Metacritic Books

Sightseeing
by Rattawut Lapcharoensap

ISBN: 0802117880
Grove Press, 208 pages, $22.00
Fiction Short Stories
Released 01/09/2005

The English-language short stories in this collection (the first for the 26-year-old writer) are set in contemporary Thailand.

Overall Metascore

This is an average of all individual scores given by critics, on a scale of 0 (worst) to 100 (best).

77 / 100

Critic Reviews

Outstanding Kirkus Reviews
Seven stories, including a couple of prizewinners, from an exuberantly talented young Thai-American writer... A newcomer to watch: fresh, funny, and tough.
Outstanding Publishers Weekly
Anger, humor and longing are neatly balanced in these richly nuanced, sharply revelatory tales.
Outstanding Salon Priya Jain
It's the distance between that outsider's paradise and the native's often grim reality that Lapcharoensap shows us in his tales, so tenderly crafted and beautifully realized that they'll snuggle up behind your heart and stay there for a long time.
Outstanding Los Angeles Times Mark Rozzo
It's a stirring coming-of-age fable, brimming, like most of Sightseeing, with sharp-clawed survival lessons. [9 Jan 2005, p.R10]
Outstanding Washington Post Carole Burns
[A] remarkable debut collection... Lapcharoensap's writing is both elegant and vivid.

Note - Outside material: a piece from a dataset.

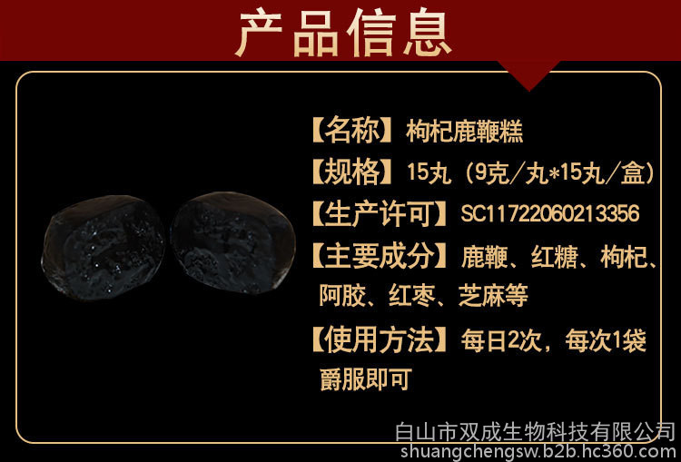 本网页所展示的有关【双成 枸杞鹿鞭糕135g滋补调理东北特产高纯度鹿鞭片厂直销男士高纯度鹿鞭膏男用滋补膏250克长白山双阳非鹿茸人参纯手工丸_鹿茸_白山市双成生物科技有限公司】的信息/图片/参数等由医导网的会员【白山市双成生物科技有限公司】提供,由医导网会员【白山市双成生物科技有限公司】自行对信息/图片/参数等的真实性、准确性和合法性负责,本平台(本网站)仅提供展示服务,请谨慎交易,因交易而产生的法律关系及法律纠纷由您自行协商解决,本平台(本网站)对此不承担任何责任。您在本网页可以浏览【双成 枸杞鹿鞭糕135g滋补调理东北特产高纯度鹿鞭片厂直销男士高纯度鹿鞭膏男用滋补膏250克长白山双阳非鹿茸人参纯手工丸_鹿茸_白山市双成生物科技有限公司】有关的信息/图片/价格等及提供【双成 枸杞鹿鞭糕135g滋补调理东北特产高纯度鹿鞭片厂直销男士高纯度鹿鞭膏男用滋补膏250克长白山双阳非鹿茸人参纯手工丸_鹿茸_白山市双成生物科技有限公司】的商家公司简介、联系方式等信息。
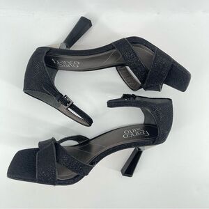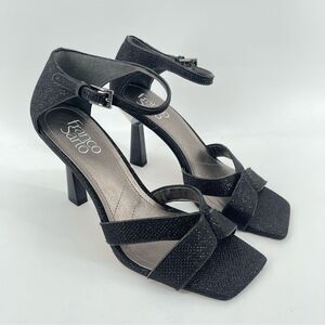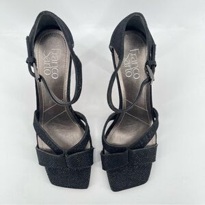 Franco Sarto Rania Women’s Metallic Black Ankle Strap Open Toe Sandal Heels Size 7

When occasionally his stories seem too perfectly sculpted, I wonder if the problem is reading too many at once. When I come back to them, their characters and images again seem alive.
Outstanding The Guardian William Sutcliffe
Every story in this collection is dense with event, emotion and meaning. This debut shows more than mere promise: it is a fine achievement in its own right.
Favorable The Independent Aamer Hussein
Lapcharoensap's prose is sensitive to sound and smell; his episodic, cinematic technique often hinges on the slightest of anecdotes.
Favorable Wall Street Journal Jeffrey A. Trachtenberg
In this accomplished debut collection of short stories, Mr. Lapcharoensap displays a wicked command of language and an unerring sense of place.
Favorable Houston Chronicle Fritz Lanham
A youthful linguistic high-spiritedness enlivens the page. The prose is snappy, colloquial, occasionally profane, often funny.
Favorable San Francisco Chronicle Carolyn Juris
That Lapcharoensap, still in his 20s, can convey with such honesty the longings of this older man; indeed, of all of his characters, conveys both his emotional maturity and his burgeoning potential.
Favorable Library Journal Shirley N. Quan
Though the stories describe a culture that will be foreign to most readers, they contain themes that touch on the human spirit. [15 Oct 2004, p.58]
Mixed Entertainment Weekly
But his portraits of Americans here never go beyond unflattering cliché. Lapcharoensap's Americans aren't just fat: They're hopelessly broad.
Mixed The New York Times Book Review Darin Strauss
When he's really going strong, Lapcharoensap is a commanding, animated tour guide, and a lot more than that -- he can write with the bait and the hook of genuine talent. At his weakest, however, he leans on exotic atmosphere and little else.
Mixed The Globe And Mail [Toronto] Ray Robertson
Sightseeing occasionally suffers from that most common of creative writing workshop maladies: epiphanitis, the tendency of one's short stories to habitually conclude in breathless moments of overpowering insight. Even rhythmically, they tend to resemble one another.
Unfavorable Village Voice Dennis Lim
But Sightseeing, time and again, manages to turn such swirling contradictions into tidy coming-of-age truisms, politely resisting the free fall of deeper desires and resentments. What's more, the symbolic East-West collisions are often clumsy: One character's first taste of a fast-food burger causes him to throw up.